Bien évidemment je ne partage pas ton analyse, si nous n'avions voté FDG qui est en dynamique partout quel aurait été le résultat et l'impact du vote FN et Droite ?

canaille le rouge 23/04/2012 23:12



Je crois qu'on ne se comprend pas. Pas question pour moi de condamner ceux qui ont voté FdG , NPA LO voir pour certains PS. Mon propos est de dire que la question du piège n'est pas posée et
qu'on court à la cata si on continue. Ensuite que chacun dans cette logique cherche une issue, normal. Mais quand va-t-on s'attaquer au cadre aliénant (et tu sait bien ce que ce mot signifie) de
l'election présidentielle créée par la classe dominante pour exploser la proportionelle et vérouiller le rôle des assemblées élues.


Je ne dis que cela à ce moment ni plus ni moins. Ensuite tu noteras que je me suis bien garder de semer la désespérance (encore que vu mes moyens la récolte eut été marginale) et ai concentré mes
coups contre la droite et l'extrême droite à chaque jours de chacune de mes mises en lignes.



Roquet 23/04/2012 10:26


J'ai été frappé personnellement par ces propos de Jean-Luc Mélenchon dans sa déclaration au soir du 22 avril :


"Nous avons eu raison de concentrer notre campagne sur l'analyse et la critique radicale des positions de l'extrême-droite. Nous avons eu raison de le faire, et si nous ne l'avions pas fait
peut-être le résultat de ce soir serait-il encore plus alarmant"
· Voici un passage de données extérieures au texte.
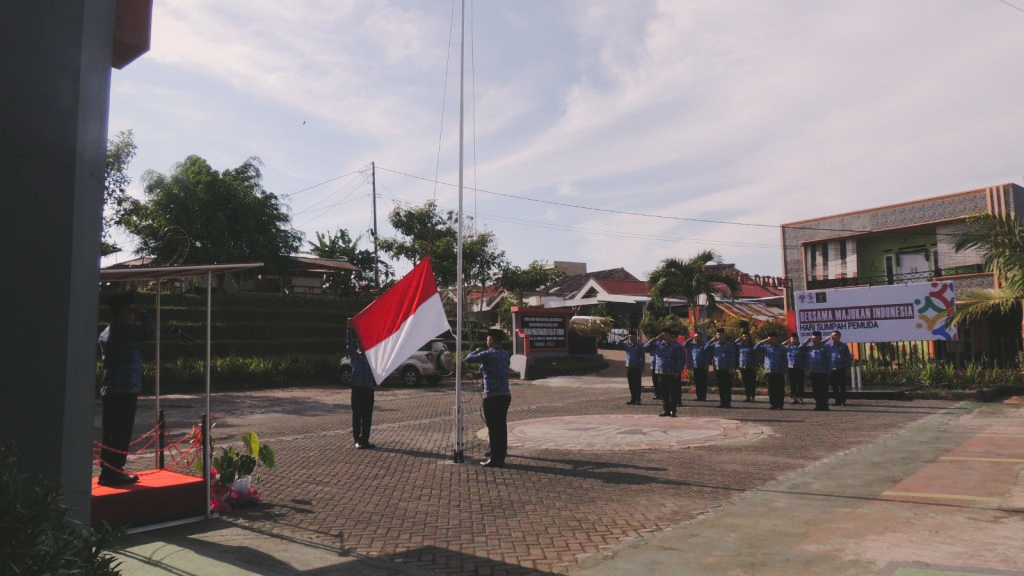 Upacara Hari Sumpah Pemuda ke – 95 dengan tema ‘Bersama Majukan Indonesia’, diikuti seluruh pegawai Lembaga Pemasyarakatan Klas IIB Tondano.

Est-ce si sûr ? Cette campagne "front contre front", comme on l'a nommée, était-elle vraiment réfléchie ? Avec d'un côté une Marine Le Pen se présentant en paroles comme l'adversaire du
capitalisme, de la finance, de la mondialisation, la championne de la souveraineté nationale dénonçant l'euro et l'Europe, et de l'autre côté un Mélenchon se présentant comme prioritairement
l'adversaire... de Marine Le Pen, et ne laissant apercevoir comme perspective réelle d'application de son programme que la transformation de l'Europe du grand capital en "Europe sociale".


Mais avoir orienté ainsi la campagne,était-ce vraiment une erreur ? N'est-ce pas simplement que la subordination à la mystification européenne du Front de Gauche, à commencer par celle du PCF, ne
permet pas d'apporter des réponses convaincantes à l'attente protestataire des milieux populaires. 


Je n'ai évidemment pas un poil de sympathie pour le FN, je n'ai pas la moindre illusion sur la nature démagogique de son "anticapitalisme", j'ai la plus totale répugnance à l'égard de son
racisme, bien sûr qu'il faut le combattre résolument. Mais si le vote ouvrier est à 30% pour Marine Le Pen, est-ce vraiment en réaction à l'immigration alors qu'il a été établi que dans les
préoccupations des Français pouvoir d'achat et chômage viennent en tête, l'immigration et la sécurité n'arrivant qu'en cinquième ou sixième position ?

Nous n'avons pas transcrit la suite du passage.